International cooking for the youthful malcontent.

WTF is Cassia Bark?

Cassia Bark

Cassia Bark

This stuff is literally bark from a Cassia tree, native to Southeast Asia. The tree’s latim name is cinnamomum aromaticum so you can maybe guess it’s got something to do with cinnamon. The tree is in the same family as the actual cinnamon tree (cinnamomum verum) so there’s some similarities, but keep in mind the differences as well.

Like cinnamon, it’s sold in whole or powdered form. Sometimes cassia powder is labelled “cinnamon” even, but in Toronto I’ve actually never seen it sold as a powder, but only bags of bark pieces 1-3 inches in length. Whole cassia bark is sold in Little India markets, but I bought mine from Loblaws, so it’s not unusually rare. I used to live by the Loblaws at St. Clair and Bathurst and they did have a surprisingly well-stocked Indian section of spices, legumes, flours and specialty products. I have to assume then, that cassia bark can be found other places.

So what’s the difference? Well, it depends on who you are, I guess. Cassia bark is darker than cinnamon, and  the taste is somewhat stronger and harsher, but on the surface, the smell is very similar to cinnamon. You may not notice any difference at all unless you tasted them side-by-side and can safely use cassia in cinnamon-situations. This is one of those things you might insist on if you’re shooting for accuracy of flavour, rather than just flavour. Substituting an equal length of whole cinnamon stick in place of a strip of cassia bark probably won’t result in any substantial difference.

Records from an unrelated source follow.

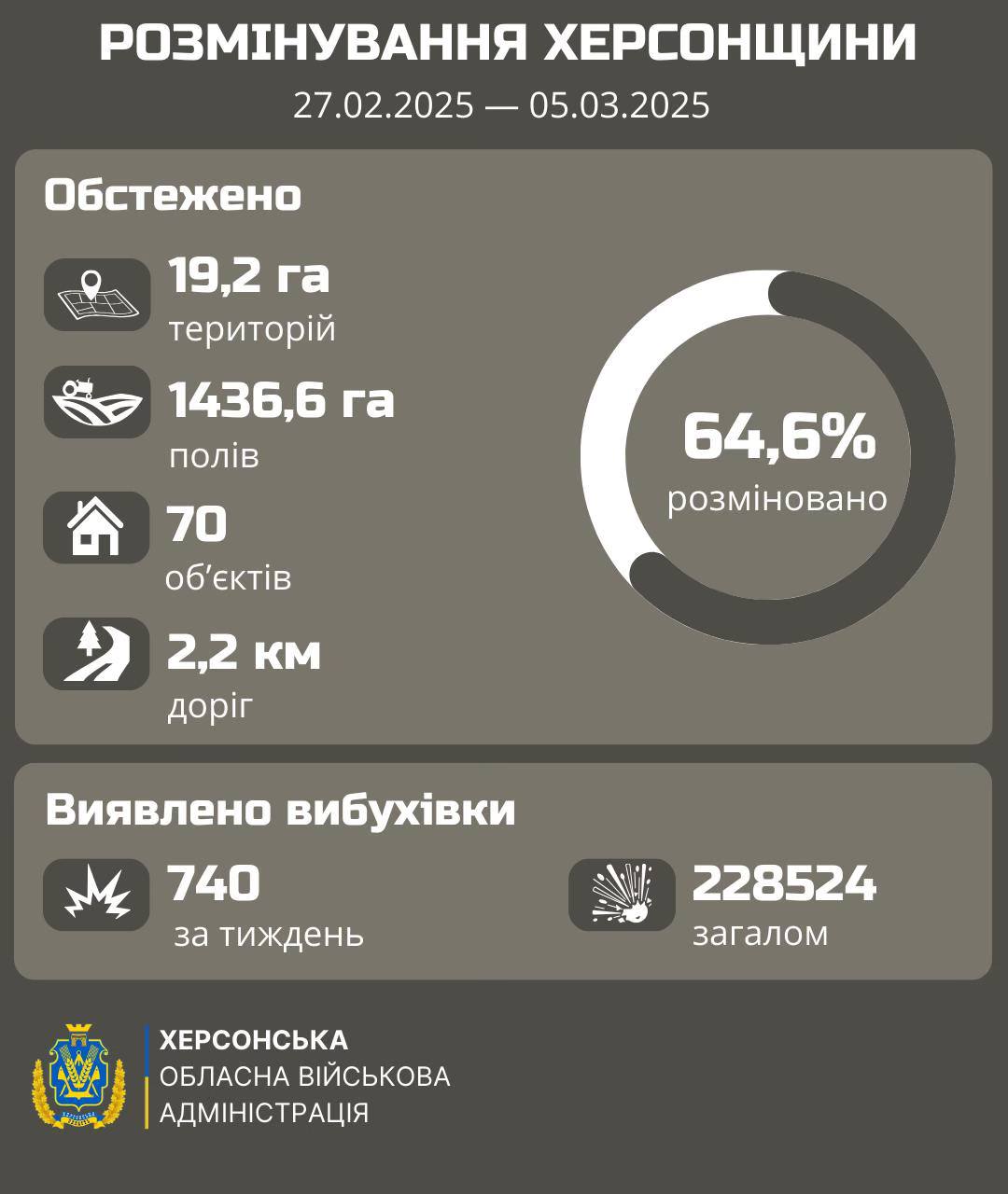 За даними ОВА, розміновано 64,6% території. За тиждень сапери виявили 740 ВНП, обстежили 2,2 км доріг, 70 об’єктів.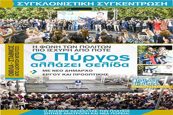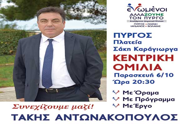 «Ενωμένοι αλλάζουμε τον Πύργο»: Την Παρασκευή (6/10) η ομιλία του Τάκη Αντωνακόπουλου στην κεντρική πλατεία Πύργου
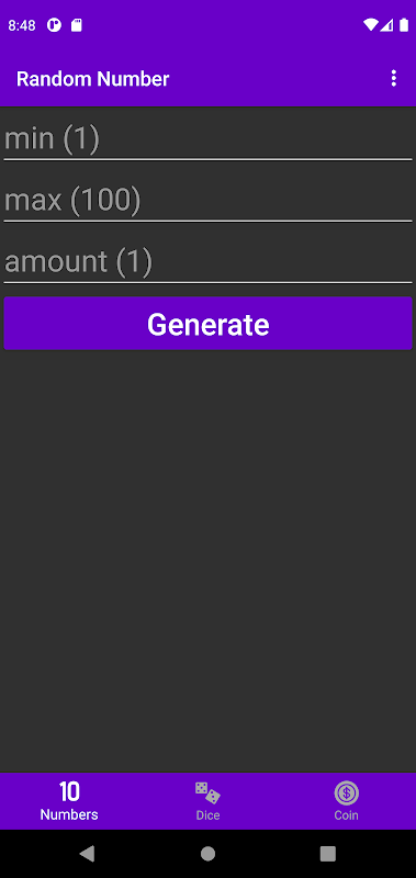 Aplikasi ini menghasilkan angka acak, melempar dadu, dan membalik koin untuk Anda.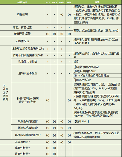 “+”为必检项目,“-”为非强制检定项目。(+)表示要根据细胞特性、传代历史、培养过程等情况要求的检定项目。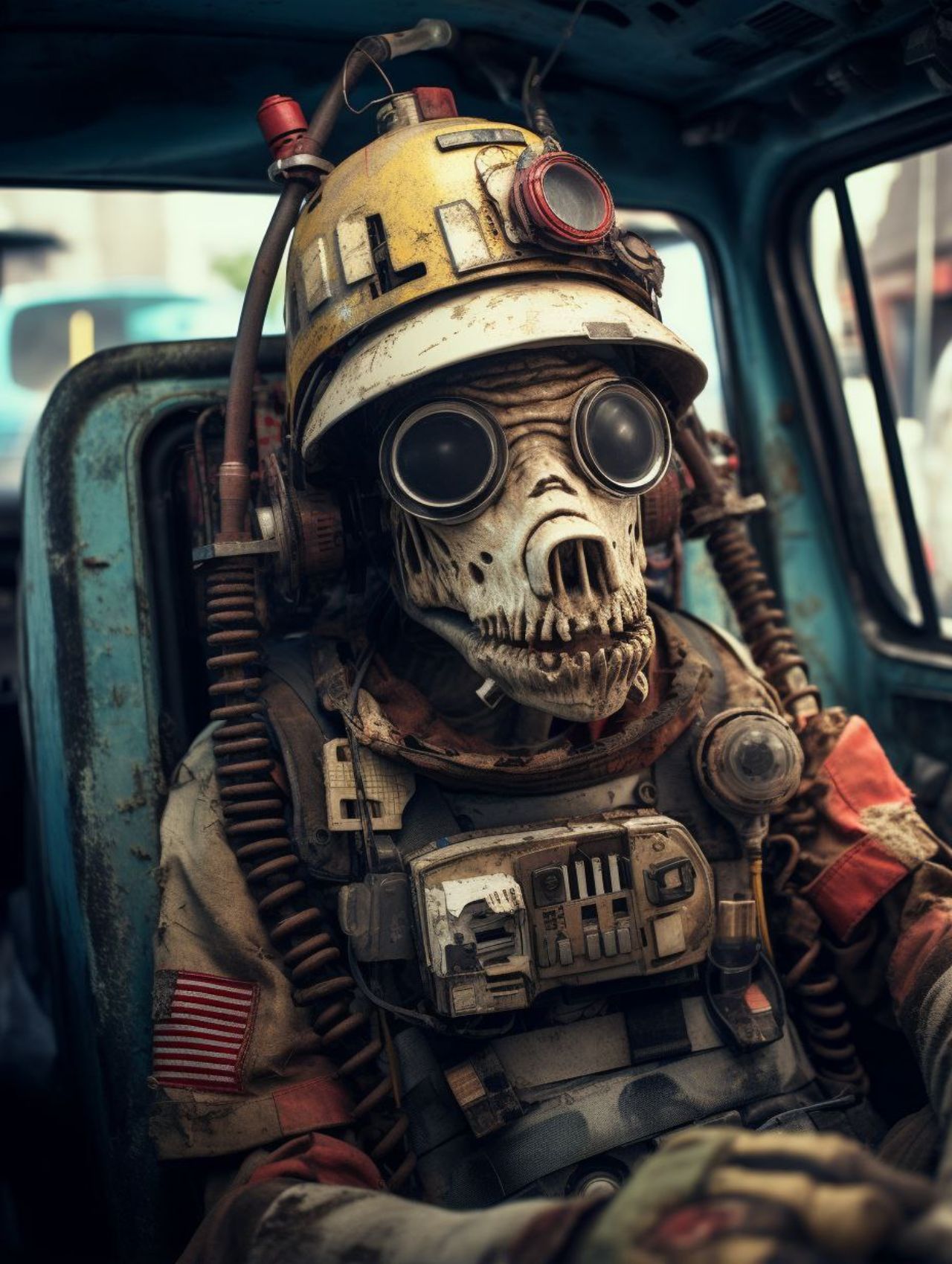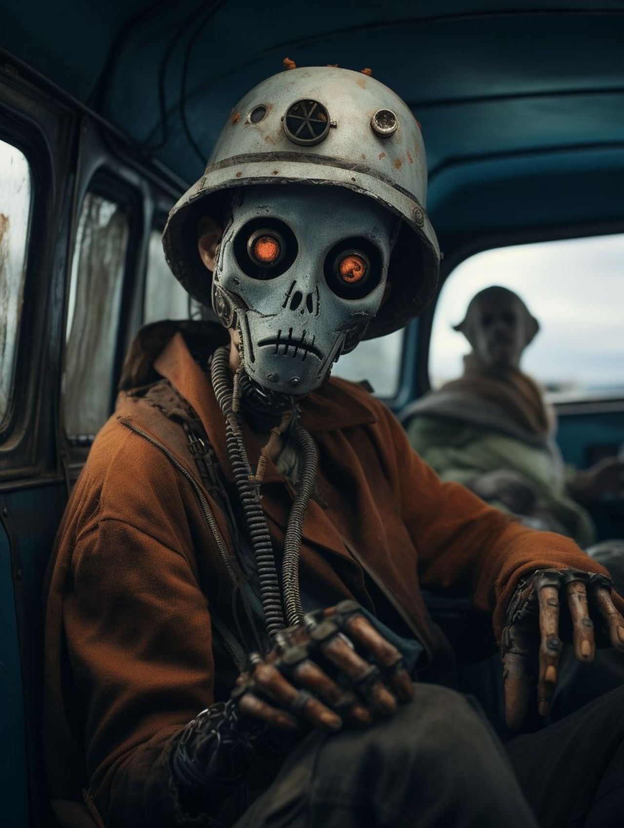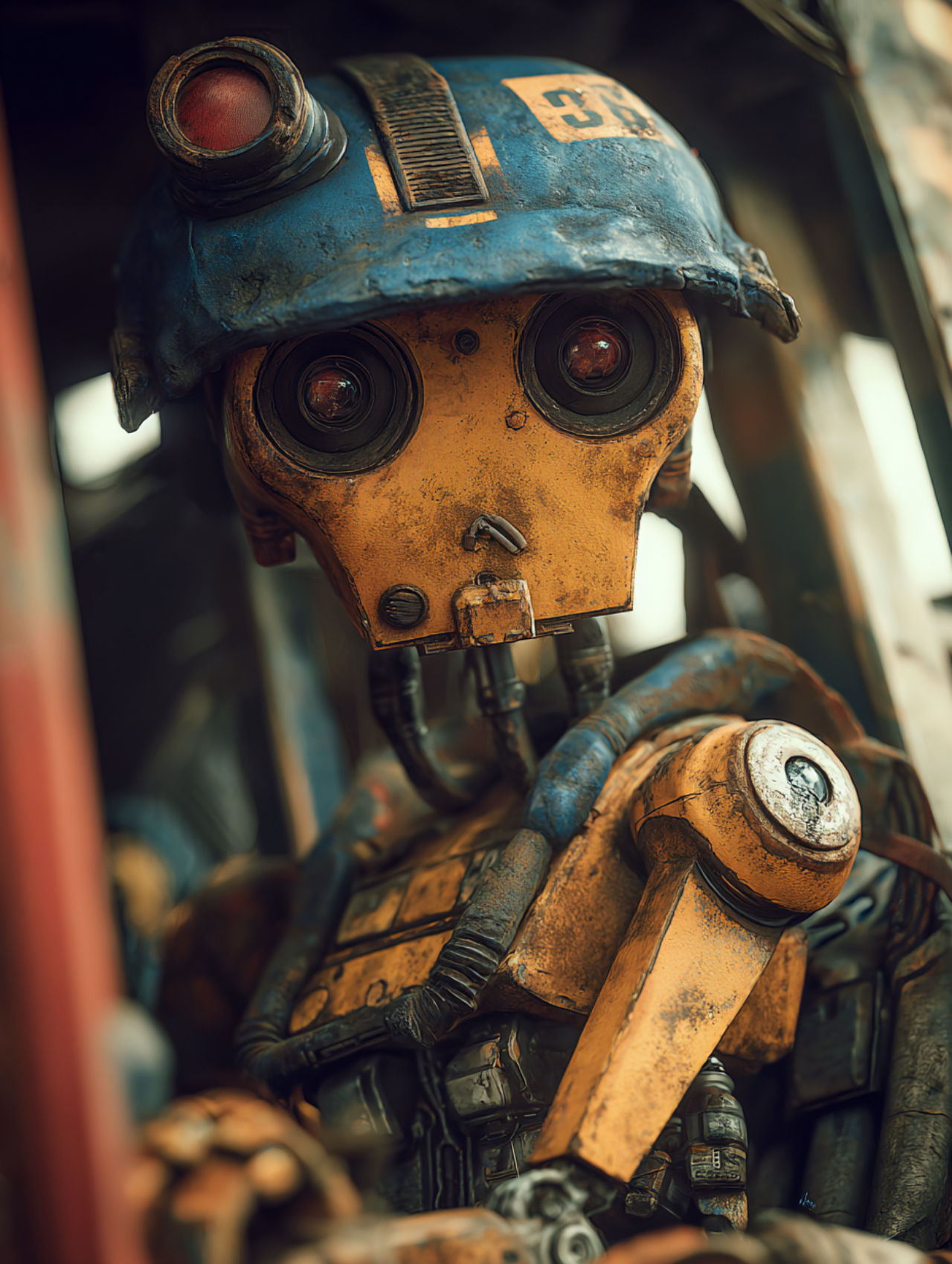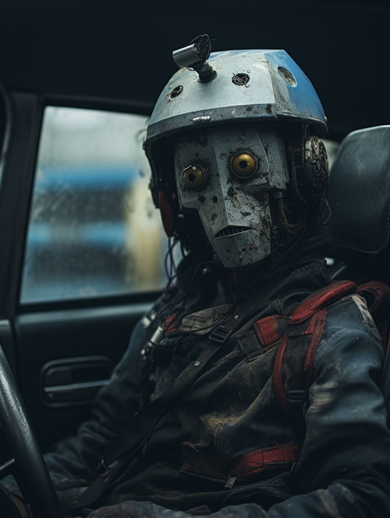/prompt: a robot sitting inside a vehicle with a hat and helmet, in the style of post-apocalyptic backdrops, colorized, junglecore, cinematic stills, eerily realistic, character-driven, intense close-ups –ar 3:4

But then you will lose out on the opportunity to point out that you used cassia bark instead of cinnamon. It will cost you hipster-foodie points.


3 responses

  1. Pingback: Recipe: Kheema Mattar « No More Microwaves

  2. Pingback: Recipe: Chai Spices « No More Microwaves

  3. iLLogicaL

    Hey Jeff,

    Great blog man. I hate to cut and paste, but this is from Cook’s Illustrated and you need a subscription to get at it. It basically explains that Americans eat Cassia as cinnamon, while the rest of the world uses Ceylon. Kinda figures. Anyway, this is an excerpt, if you’d like to read the whole thing (which compares flavors and whatnot), just email me.

    From Cook’s Illustrated:

    “In virtually every other part of the globe, “cinnamon” means Ceylon cinnamon; in the United States, we are accustomed to the bolder, spicier flavor of a species known as cassia (also called bastard cinnamon). Both types derive from the bark of tropical evergreens in the Cinnamomum genus. Ceylon (Cinnamomum verum) is grown primarily in Sri Lanka, while cassia (Cinnamomum cassia, among others) may be grown in Indonesia, China, and Vietnam. American traders turned to importing cassia in the early 20th century following a rise in the price of the Ceylon spice, and it continues to be the main variety sold in supermarkets in this country.

    Harvesting cinnamon entails stripping the exterior bark and then scraping its interior into strips, or quills, which are sun-dried and ground. Older trees contain the most oils and presumably yield the sharpest spice. “Saigon” cassia cinnamon from Vietnam is usually harvested from 20- to 25-year-old trees of a species containing the most volatile oil of any cinnamon on the market—often more than 3 percent of the total weight of the quill. Indonesian, or Korintji, cinnamon and Chinese cinnamon are harvested from trees younger than 10 years and contain less volatile oil. In cassia trees, the oldest bark, near the base of the trunk, is considered best; bark from the middle of the trunk is of moderate worth, and bark from the top and the branches is regarded as the lowest in quality.”